November 5 Noontime Position: Lat 44deg 49,5 N; Long 178deg 12,0 E

During breakfast we crossed the international date line, and to the outside world it is Sunday, November 6 instead of Saturday, November 5. However, for administrative reasons Hanjin Copenhagen is leaving the weekend intact and will be making Monday disappear. What wonderful shipboard logic!

After a desperately dull Friday, today has brought events that pass for excitement on a long voyage. It’s been sunny, for one thing. The dawn glow blasting the containers, making their colours stand out. We also passed a container ship and an auto transport heading for North America. Bulky Lego blocks on the morning horizon. There’s also been a course change from WSW to WNW as we slalom back north to avoid a storm building to the west of Japan. And finally, rather prosaically, I’m doing laundry.

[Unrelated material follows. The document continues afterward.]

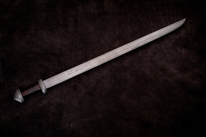 Один из самых известных и красивых мечей. Интересен в числе прочего сложнейшим мозаичным долом в виде вытянутых шестиугольников по всей длине клинка.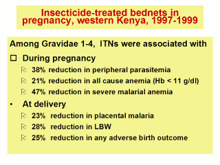 In summary, this study involving 3170 pregnant women of all gravidae groups living in an areas of intense malaria transmission showed that women in bednet villages had less malaria and anemia during pregnancy, and at the time of delivery, particularly in the first 4 pregnancies. In this group the mean birth weights and gestational ages were higher, and the prevalence of low birth weight was reduced by 28%, and of any adverse outcome, including fetal loss by 25%.

As you might expect, I’ve also been doing some reading. Earlier this week, I wrapped up a book on cities, and am now into the tense finale of the latest John Le Carre. Any tomes I finish on board will stay with the ship, which already has a fair-sized library in the Officers’ recreation room. Among all the Crichton, Ludlum and Follett titles, I’ve picked out Hemingway’s “For whom the bell tolls” as my next read. But I’ve also gleefully found an erotic novel about naughty Oxford university rowers translated into German from the original English. Here, for your reading pleasure, is a brief passage that I’ve converted back into English.

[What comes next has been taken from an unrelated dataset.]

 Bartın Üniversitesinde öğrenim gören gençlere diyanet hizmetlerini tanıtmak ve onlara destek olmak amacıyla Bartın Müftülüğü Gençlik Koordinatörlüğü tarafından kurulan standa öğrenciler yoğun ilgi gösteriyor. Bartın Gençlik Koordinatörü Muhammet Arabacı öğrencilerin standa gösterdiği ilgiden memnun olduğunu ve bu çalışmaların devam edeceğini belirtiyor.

“At least we have a chance. Unlike your crew, which will probably wind up in the second division. And I’ll tell you one more thing. If we don’t end up as ‘Head of the River’, then you can spank my bare bottom – in front of both of our crews.”

Wouldn’t rowing be more interesting if it always included trash talk like this?


“Hawaiians to the left of me, Aleutians to the right”

November 4 Noontime Position Lat 44deg 24,1 N; Long 170deg 55,7 W
Over the Chinook Trough

Last night on the bridge, the First Officer made a joke. I had asked him where the nearest land was. In his Polish accent, he answered deadpan:

“Three kilometres, straight down.”

There is nothing but ocean in thousands of kilometres all round. Our radar hasn’t even picked up another ship since we cleared Vancouver Island on Monday. And there are many more days of this ahead. We still have to cover a stretch equivalent to Vancouver-Toronto before we see the coast of Japan. Hanjin Copenhagen has been plowing along steadily at around 18-20 knots, which is about 30-35km/h, round the clock. We’re progressing at a rate of 11 degrees longitude every 24 hours.

I’m grateful for some smooth sailing now after a rough few days. Not gonna lie – even if you’re not puking your guts out, it’s hard living with peek-a-boo queasiness. Waking up feeling fine, then discovering you might need to do a preventative dry heave to avoid embarrassing yourself in the Officer’s Mess at breakfast. I’ve discovered that there is no “one size fits all” seasickness. There are different types based on the ship’s motion, and you need to get used to them all. It only offers me some comfort to hear agonized retching from the 2nd Engineer’s cabin, which is beside mine. Even experienced mariners have to bow to the porcelain Poseidon.

Anyway, the seas settled down enough that I was permitted to walk around the deck today. So I put on my hardhat, winter coat, and gloves and headed out for a stroll. Under a groaning canopy of steel containers, a vast dull blue panorama of rolling sea unfolds. Peering over the edge, I see a film of white spray as well as a thin layer of brilliant icy blue bubbles. The soundscape is the engine’s constant rumble and a long, slow, irregular crash of a wave breaking on the bow.